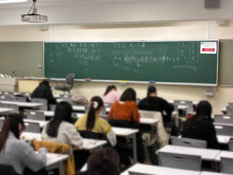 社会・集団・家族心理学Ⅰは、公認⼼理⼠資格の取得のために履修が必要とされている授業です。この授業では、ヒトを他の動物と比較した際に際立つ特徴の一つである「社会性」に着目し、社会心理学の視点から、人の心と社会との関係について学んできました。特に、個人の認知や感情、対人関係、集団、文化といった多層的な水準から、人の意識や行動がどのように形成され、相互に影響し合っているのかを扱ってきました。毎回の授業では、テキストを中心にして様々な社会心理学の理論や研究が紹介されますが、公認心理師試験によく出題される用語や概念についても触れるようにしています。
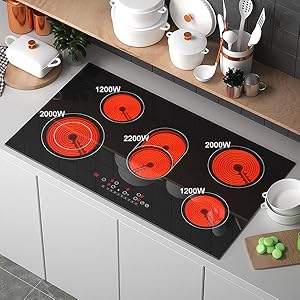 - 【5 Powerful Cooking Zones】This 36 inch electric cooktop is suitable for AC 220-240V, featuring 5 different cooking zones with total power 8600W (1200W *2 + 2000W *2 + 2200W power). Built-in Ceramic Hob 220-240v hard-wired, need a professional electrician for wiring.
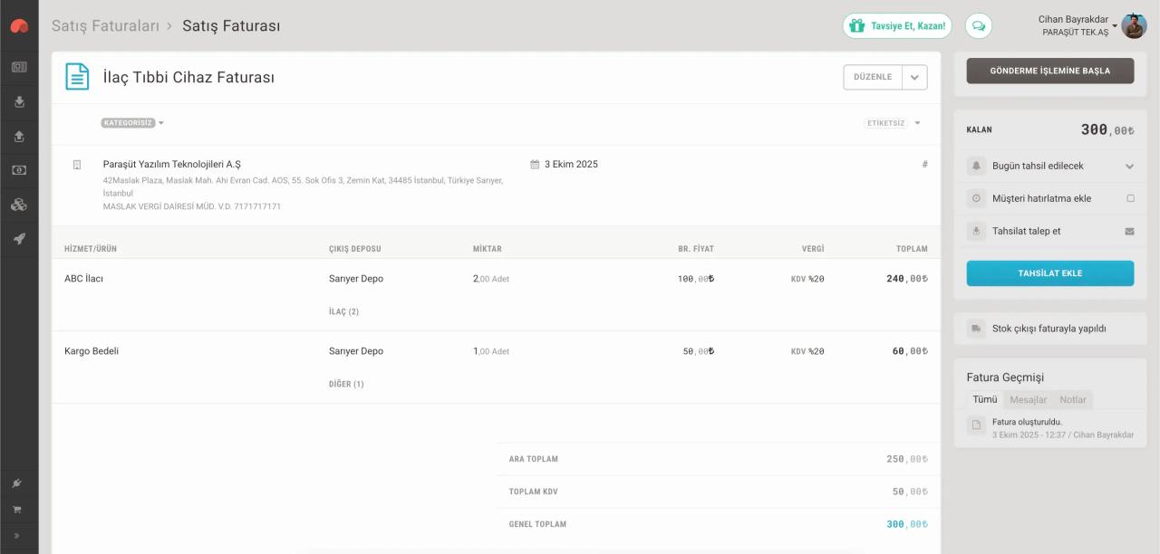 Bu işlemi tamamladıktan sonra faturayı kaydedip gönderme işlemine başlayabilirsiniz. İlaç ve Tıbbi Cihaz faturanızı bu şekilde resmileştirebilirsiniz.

...

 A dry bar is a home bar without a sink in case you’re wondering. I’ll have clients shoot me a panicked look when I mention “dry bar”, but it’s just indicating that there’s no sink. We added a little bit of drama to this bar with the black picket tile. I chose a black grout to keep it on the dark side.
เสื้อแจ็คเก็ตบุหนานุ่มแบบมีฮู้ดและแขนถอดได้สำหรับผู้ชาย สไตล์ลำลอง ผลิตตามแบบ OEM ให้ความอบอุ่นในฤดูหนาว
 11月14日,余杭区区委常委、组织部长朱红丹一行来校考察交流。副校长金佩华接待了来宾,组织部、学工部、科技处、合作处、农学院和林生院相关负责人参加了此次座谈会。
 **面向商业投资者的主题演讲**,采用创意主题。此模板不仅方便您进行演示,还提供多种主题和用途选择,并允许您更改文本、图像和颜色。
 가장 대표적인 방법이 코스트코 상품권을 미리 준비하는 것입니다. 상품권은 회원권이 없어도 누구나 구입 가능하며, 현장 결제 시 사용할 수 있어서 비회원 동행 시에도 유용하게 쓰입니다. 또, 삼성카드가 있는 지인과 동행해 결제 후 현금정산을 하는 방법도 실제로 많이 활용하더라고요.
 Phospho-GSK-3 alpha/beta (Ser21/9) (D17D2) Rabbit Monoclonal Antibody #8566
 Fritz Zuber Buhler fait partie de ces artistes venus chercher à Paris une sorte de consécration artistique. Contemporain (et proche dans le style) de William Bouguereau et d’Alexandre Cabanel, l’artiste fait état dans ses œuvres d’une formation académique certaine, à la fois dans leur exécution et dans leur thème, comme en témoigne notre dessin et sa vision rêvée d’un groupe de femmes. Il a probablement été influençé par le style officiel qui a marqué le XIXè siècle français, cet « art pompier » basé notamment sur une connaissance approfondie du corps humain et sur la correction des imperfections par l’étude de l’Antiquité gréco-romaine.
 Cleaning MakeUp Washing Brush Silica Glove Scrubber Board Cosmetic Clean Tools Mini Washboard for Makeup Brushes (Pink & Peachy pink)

__Task description__: Your task is to restate, word for word, only those lines above that fall between the line holding "11月14日,余杭区区委常委" and the line holding "Cleaning MakeUp Washing", inclusive.

__Solved exercise__:
 11月14日,余杭区区委常委、组织部长朱红丹一行来校考察交流。副校长金佩华接待了来宾,组织部、学工部、科技处、合作处、农学院和林生院相关负责人参加了此次座谈会。
 **面向商业投资者的主题演讲**,采用创意主题。此模板不仅方便您进行演示,还提供多种主题和用途选择,并允许您更改文本、图像和颜色。
 가장 대표적인 방법이 코스트코 상품권을 미리 준비하는 것입니다. 상품권은 회원권이 없어도 누구나 구입 가능하며, 현장 결제 시 사용할 수 있어서 비회원 동행 시에도 유용하게 쓰입니다. 또, 삼성카드가 있는 지인과 동행해 결제 후 현금정산을 하는 방법도 실제로 많이 활용하더라고요.
 Phospho-GSK-3 alpha/beta (Ser21/9) (D17D2) Rabbit Monoclonal Antibody #8566
 Fritz Zuber Buhler fait partie de ces artistes venus chercher à Paris une sorte de consécration artistique. Contemporain (et proche dans le style) de William Bouguereau et d’Alexandre Cabanel, l’artiste fait état dans ses œuvres d’une formation académique certaine, à la fois dans leur exécution et dans leur thème, comme en témoigne notre dessin et sa vision rêvée d’un groupe de femmes. Il a probablement été influençé par le style officiel qui a marqué le XIXè siècle français, cet « art pompier » basé notamment sur une connaissance approfondie du corps humain et sur la correction des imperfections par l’étude de l’Antiquité gréco-romaine.
 Cleaning MakeUp Washing Brush Silica Glove Scrubber Board Cosmetic Clean Tools Mini Washboard for Makeup Brushes (Pink & Peachy pink)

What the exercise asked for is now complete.